Sin embargo, consideró que el principal obstáculo es político, debido a los intereses económicos que pueden verse afectados por una reforma.

“El asunto es la voluntad política y la capacidad para pisarle los callos a sectores que tienen poder económico y llegada política.”

El economista sostuvo que una reforma tributaria también es necesaria para hacer sostenibles las mejoras en remuneraciones y pensiones, evitando que nuevas obligaciones generen desequilibrios fiscales.

Mendoza consideró que, en el corto y mediano plazo, el Perú mantiene una posición relativamente sólida en materia cambiaria, apoyada en sus reservas y en la estabilidad monetaria. No obstante, planteó que a largo plazo el país debe observar con atención la evolución del dólar y la situación fiscal de Estados Unidos.

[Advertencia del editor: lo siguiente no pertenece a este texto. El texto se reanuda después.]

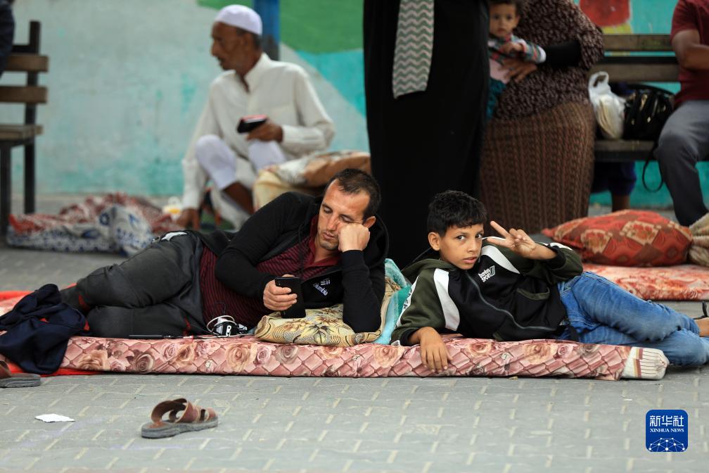 10月9日,巴勒斯坦人在加沙地帶南部城市汗尤尼斯的一所學(xué)校躲避以色列空襲。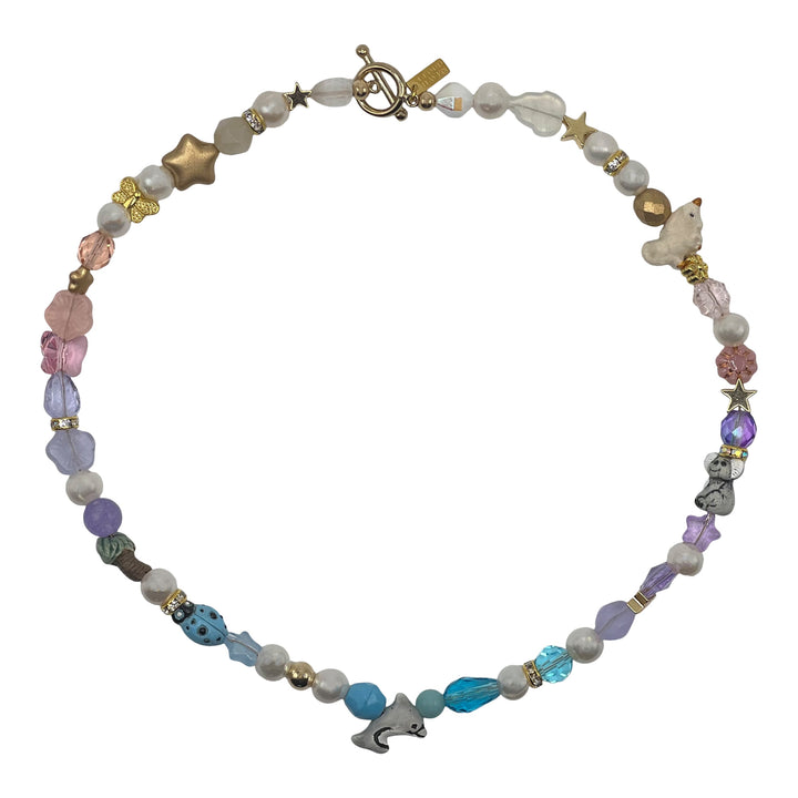 This beautiful, gradient design is both elegant and playful. The Courageous Necklace is perfect for that spring and summer look to show off your unique style and love for animals. This necklace is adorned with freshwater pearls, 14k gold filled and plated beads, Swarovski crystals, real gemstones, and glass beads. The handcrafted palm tree, ladybug, dolphin, koala, and unicorn give the necklace a sweet and colorful feel. Know that portions of every sale go towards helping shelter animals across the United States.

Para las familias, recomendó adoptar una conducta prudente frente a la incertidumbre económica: priorizar los gastos esenciales, diversificar los ingresos, evitar endeudarse para consumo y procurar mantener una capacidad de ahorro.

“Hay que priorizar el gasto, diversificar los ingresos y buscar protegerlos.”

También señaló que el endeudamiento puede ser razonable cuando está destinado a una inversión que genere rentabilidad, pero puede convertirse en una carga cuando se utiliza para financiar gastos de consumo.

Como recomendaciones para el equipo económico, Mendoza planteó dos prioridades. La primera es fortalecer la lucha contra la corrupción y evitar que determinadas instituciones públicas sean capturadas por intereses particulares.

La segunda es mejorar la coordinación con los gobiernos regionales y locales, especialmente frente a emergencias como el fenómeno de El Niño. Consideró que los gobiernos subnacionales deben tener una participación efectiva debido a su cercanía con las zonas afectadas.

“Hace falta mejorar urgentemente esa coordinación.”

Finalmente, Mendoza sostuvo que los próximos años estarán marcados por múltiples dificultades, pero destacó la capacidad de adaptación de los peruanos y llamó a evitar que el país vuelva a atravesar un periodo prolongado de bajo aprovechamiento de sus recursos y capacidades.

“No podemos permitirnos otra media década perdida; ya hemos desperdiciado demasiado tiempo, recursos y capacidades.”